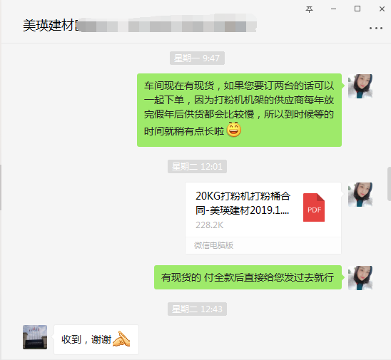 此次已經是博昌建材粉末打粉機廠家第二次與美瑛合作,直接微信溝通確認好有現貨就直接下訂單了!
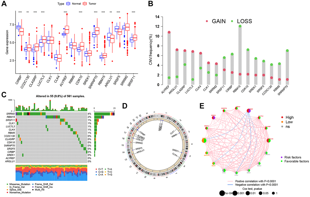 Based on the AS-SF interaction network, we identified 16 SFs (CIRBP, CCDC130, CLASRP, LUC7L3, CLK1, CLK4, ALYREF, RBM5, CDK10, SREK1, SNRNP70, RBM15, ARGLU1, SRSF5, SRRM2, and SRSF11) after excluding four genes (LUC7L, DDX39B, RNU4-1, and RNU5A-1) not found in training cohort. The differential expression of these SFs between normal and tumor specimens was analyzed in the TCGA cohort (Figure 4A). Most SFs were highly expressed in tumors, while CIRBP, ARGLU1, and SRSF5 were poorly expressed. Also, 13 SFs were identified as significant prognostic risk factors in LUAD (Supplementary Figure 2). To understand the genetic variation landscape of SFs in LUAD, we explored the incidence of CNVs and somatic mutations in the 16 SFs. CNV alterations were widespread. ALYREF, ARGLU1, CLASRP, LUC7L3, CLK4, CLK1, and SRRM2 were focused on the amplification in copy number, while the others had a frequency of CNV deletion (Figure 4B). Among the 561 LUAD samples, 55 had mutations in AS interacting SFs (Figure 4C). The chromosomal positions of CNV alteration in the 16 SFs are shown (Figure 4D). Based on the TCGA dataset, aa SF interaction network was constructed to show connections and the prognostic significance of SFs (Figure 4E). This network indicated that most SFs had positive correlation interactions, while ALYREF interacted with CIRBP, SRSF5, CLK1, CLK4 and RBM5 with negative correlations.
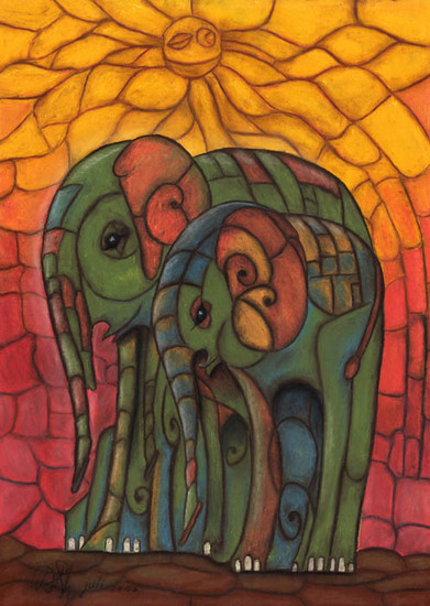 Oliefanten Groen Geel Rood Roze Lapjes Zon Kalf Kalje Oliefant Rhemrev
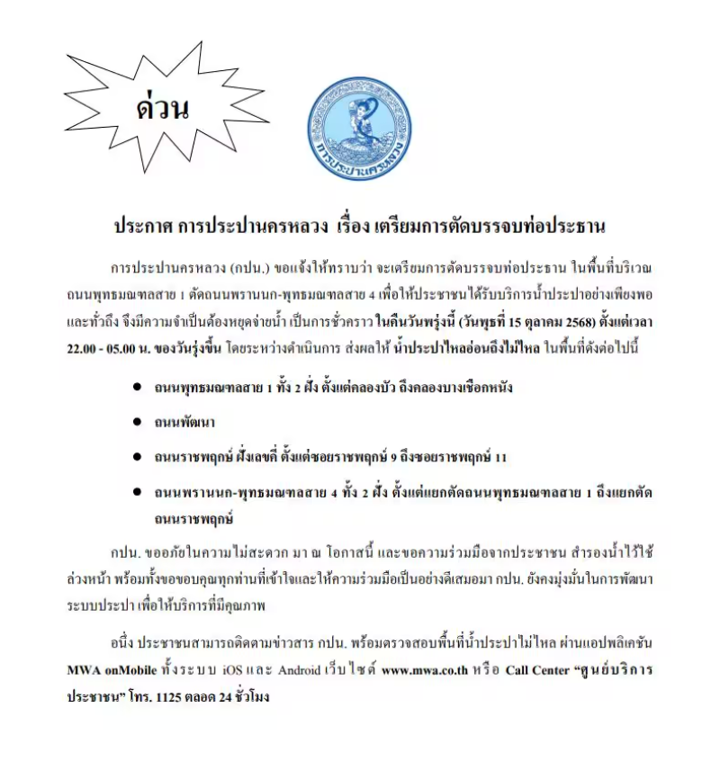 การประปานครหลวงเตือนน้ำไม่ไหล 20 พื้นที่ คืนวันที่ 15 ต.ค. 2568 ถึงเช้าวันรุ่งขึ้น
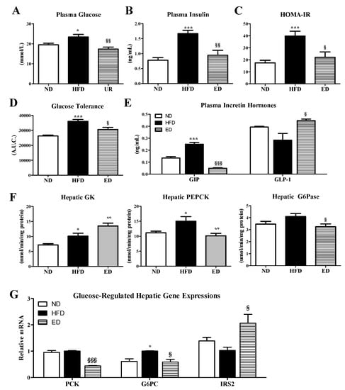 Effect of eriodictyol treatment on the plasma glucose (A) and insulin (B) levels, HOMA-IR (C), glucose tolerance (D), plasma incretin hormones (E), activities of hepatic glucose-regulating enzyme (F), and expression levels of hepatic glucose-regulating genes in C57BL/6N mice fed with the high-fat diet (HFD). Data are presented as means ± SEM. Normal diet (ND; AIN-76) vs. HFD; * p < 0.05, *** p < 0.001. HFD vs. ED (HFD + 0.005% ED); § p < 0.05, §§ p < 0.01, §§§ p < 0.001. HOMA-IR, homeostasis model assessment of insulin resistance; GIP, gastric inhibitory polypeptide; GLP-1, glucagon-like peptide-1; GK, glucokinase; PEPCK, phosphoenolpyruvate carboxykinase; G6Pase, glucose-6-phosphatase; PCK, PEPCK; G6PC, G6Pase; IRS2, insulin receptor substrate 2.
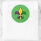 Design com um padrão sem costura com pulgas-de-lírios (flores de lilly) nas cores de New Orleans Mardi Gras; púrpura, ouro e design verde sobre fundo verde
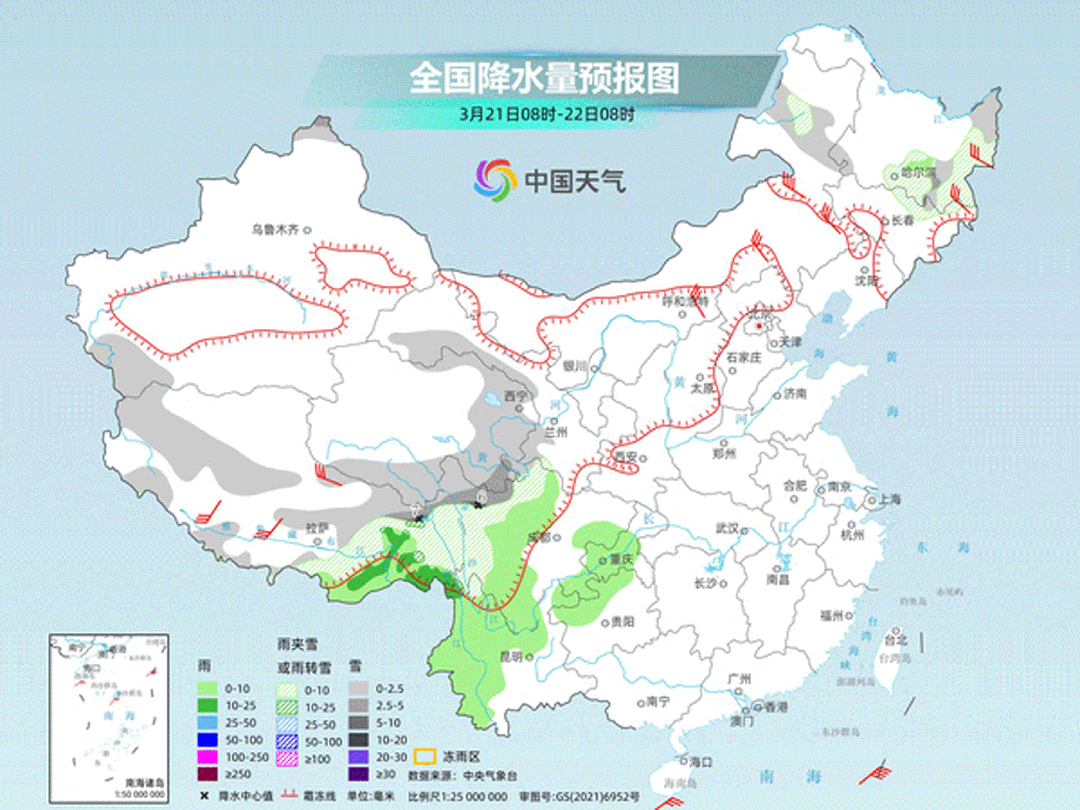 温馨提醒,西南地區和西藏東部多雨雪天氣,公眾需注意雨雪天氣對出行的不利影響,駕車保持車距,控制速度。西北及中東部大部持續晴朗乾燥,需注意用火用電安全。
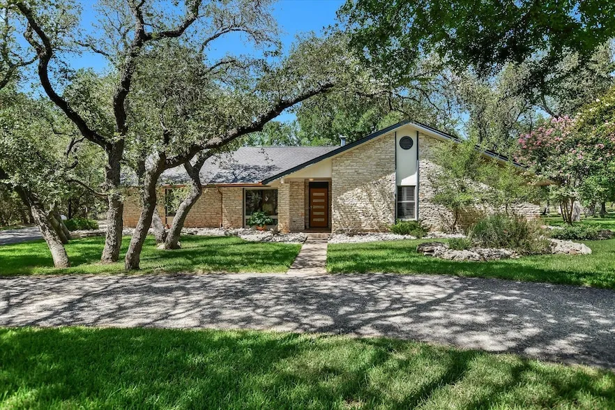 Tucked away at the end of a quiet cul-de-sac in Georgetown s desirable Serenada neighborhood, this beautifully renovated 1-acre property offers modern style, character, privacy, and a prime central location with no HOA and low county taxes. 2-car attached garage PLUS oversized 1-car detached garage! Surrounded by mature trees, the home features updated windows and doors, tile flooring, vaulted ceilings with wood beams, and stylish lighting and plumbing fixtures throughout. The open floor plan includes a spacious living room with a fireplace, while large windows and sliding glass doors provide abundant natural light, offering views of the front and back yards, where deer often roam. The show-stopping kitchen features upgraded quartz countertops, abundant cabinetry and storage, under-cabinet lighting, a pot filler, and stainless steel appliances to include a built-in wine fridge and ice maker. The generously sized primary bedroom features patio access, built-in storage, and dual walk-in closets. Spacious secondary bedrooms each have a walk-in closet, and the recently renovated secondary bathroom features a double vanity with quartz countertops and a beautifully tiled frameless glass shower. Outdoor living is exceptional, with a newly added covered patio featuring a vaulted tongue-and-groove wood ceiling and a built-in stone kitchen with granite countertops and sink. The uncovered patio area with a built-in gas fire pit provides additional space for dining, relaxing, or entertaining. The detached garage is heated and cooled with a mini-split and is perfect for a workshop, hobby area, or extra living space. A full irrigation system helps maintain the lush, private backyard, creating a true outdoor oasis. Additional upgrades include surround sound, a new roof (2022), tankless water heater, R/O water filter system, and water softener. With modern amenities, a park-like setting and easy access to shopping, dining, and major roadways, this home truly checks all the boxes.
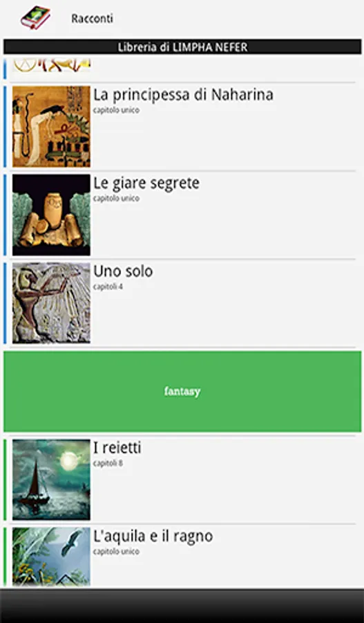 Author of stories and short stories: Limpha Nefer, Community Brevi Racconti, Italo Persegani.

··········

▶ **Exercise**: Copy back exactly the lines above from the one containing "Oliefanten Groen Geel" through the one containing "การประปานครหลวงเตือนน้ำไม่ไหล 20 พื้นที่", and leave every picture behind.

▶ **Result for this exercise**:
 Oliefanten Groen Geel Rood Roze Lapjes Zon Kalf Kalje Oliefant Rhemrev
 การประปานครหลวงเตือนน้ำไม่ไหล 20 พื้นที่ คืนวันที่ 15 ต.ค. 2568 ถึงเช้าวันรุ่งขึ้น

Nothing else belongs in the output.